The ALS community knows there is some uncertainty about the benefit that will need to be confirmed in the upcoming phase 3 trial, which Amylyx is moving forward with. But the clean safety profile of AMX0035 and the possible benefit drove 50,000 patients to petition the FDA for a swift decision in November.
Fast, fast, fast
Amylyx is going to busy these next few months. In addition to the regulatory filing, the company is actively working towards enrolment for the phase 3 study. Klee said the company is expecting the first patients in the trial dubbed Phoenix in the next six to eight weeks, with a total of 600 overall.
An expanded access program is also in the works for patients who aren’t eligible for the trial to get a shot at taking the therapy early. Cohen and Klee could not say when that might open up but they are working on providing access “as soon as possible.”
“It’s really complicated and we have to get it right, but we also feel like it is imperative that we do it,” Klee said.
The ALS Association is anxious to see the trial and expanded access program get underway.
“ALS moves very, very fast. Even a month makes a big difference,” Thakur said. “In regulatory time, that’s not a lot of time at all, but in ALS time, it’s too slow. ALS is just so devastating.”
The advocacy group isn’t afraid to step up the pressure on the FDA if AMX0035 appears to be moving too slowly, either.

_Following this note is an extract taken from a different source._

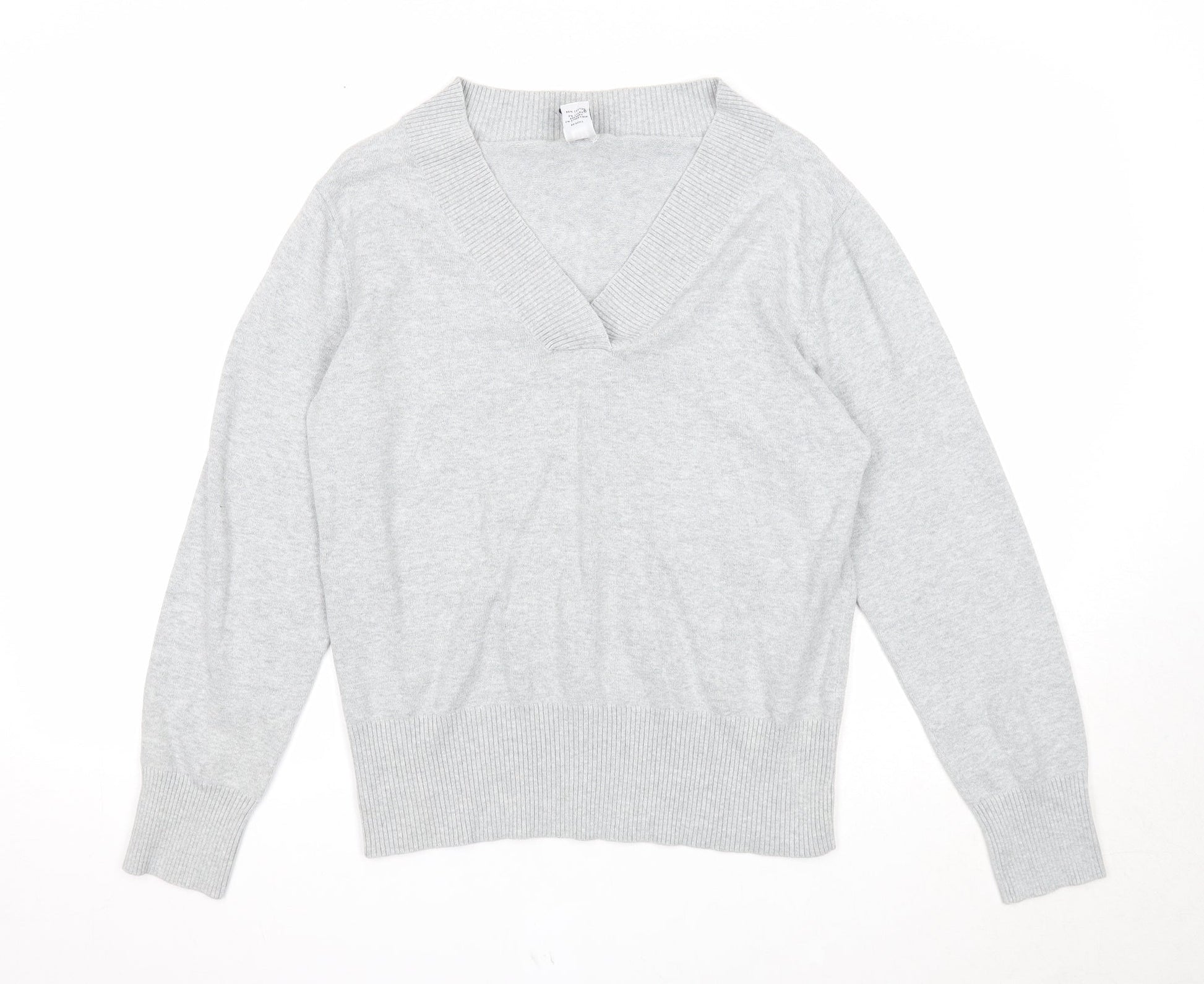 Gap Womens Grey V-Neck Cotton Pullover Jumper Size XL

Thakur said the FDA has so far indicated that they don’t need major regulatory changes to work on AMX0035.
“There’s really no way to do this fast enough to meet ALS. It just has to be fast, fast, fast,” he said. “We’re also ready to help them change the rules if their rules are getting in the way and we’ve made that very clear and we’ve supported legislation to help the FDA be more efficient.”
And then there’s what happens after approval; Cohen could not say what the ultimate price for AMX0035 will be but confirmed the biotech is already thinking about it.
“We’re doing a lot of research in that regard,” Cohen said. “At least philosophically, I think we want to be very responsible with how we price.”
Amylyx wants to price in a way that gives them room for research into more treatments for ALS and other degenerative diseases.
“ALS is a very underfunded disease,” Cohen said, noting that the National Institutes of Health contributes about $100 million per year towards research. Amylyx received about $2.25 million in research funding from the ALS Association for AMX0035, with an agreement that 150% will be paid back upon approval to put back into research.
AMX0035 has already been filed with Canadian drug regulators and a similar filing in the EU is planned by the end of the year.